Smart mirrors are a ‘cool’ in-store technology, but facial recognition software is another story entirely.

Those are among the findings of a new survey by RichRelevance, a provider of omnichannel personalization technology. The company surveyed more than 2,000 U.S. and U.K. consumers about how technology can impact their in-store shopping experience, highlighting the differences between what shoppers thought was ‘cool’ and ‘creepy’.

On the ‘cool' side of the equation, 47% of respondents thought fingerprint technology that would allow them to pay for goods and get automatic home delivery would be cool. More than six in 10 (62%) want to be able to scan a product on their device to see reviews and recommendations for other items they may like. And 42% would like to see interactive changing room mirrors that model potential outfits on their image.

Not all in-store technologies possess the cool factor. Seventy-five percent of shoppers thought that facial recognition software that would allow them to be targeted in-store with relevant offers was “creepy." (This is down slightly from 77% in RichRelevance's 2015 survey, which the company says may indicate changing attitudes as this technology becomes more prevalent.)

Also not cool: being greeted by name by a sales associate. Seventy-five percent of respondents said it is ‘creepy' for a sales assistant to greet them by name in store, if their mobile phone or tablet device had signaled their presence.

In other findings:

• Slightly more than half (52%) of respondents are open to receiving pop-up offers on their mobile device, triggered when they enter a store.

• Another 43% would like to receive a digital coupon for a product they looked at but didn’t buy after leaving the store, while 42% would like to see interactive changing room mirrors that model potential outfits on their image.
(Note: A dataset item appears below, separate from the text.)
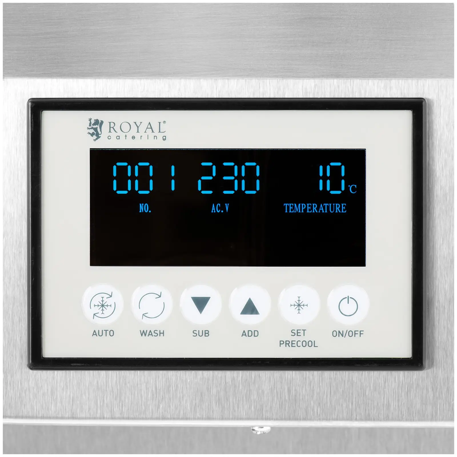 Maszyna do lodów włoskich marki Royal Catering sprawdzi się zarówno w lodziarniach i kawiarniach a także na różnego rodzaju festynach rodzinnych, w parkach rozrywki itp. Maszyna pozwoli szybko wytworzyć lody, mrożony jogurt czy sorbety oraz sprawnie je serwować. Posiada certyfikat CE i spełnia wymagania branży gastronomicznej.

And one-third of shoppers want would like to see product recommendations included on print or email receipts that relates to their purchase.

“Smart changing rooms tend to be trialed in far-flung pilot stores, but clearly there is now a real appetite for more ambitious interactive technologies in-store,” said Matthew Chouard, VP and general manager of Rich Relevance. “There’s no reason why the personalized recommendations being given to shoppers via tablet devices on the shop floor can’t be translated to enhance the changing room experience too. By ignoring this changing room, retailers are missing an opportunity to better serve customers and ultimately, sell more product.”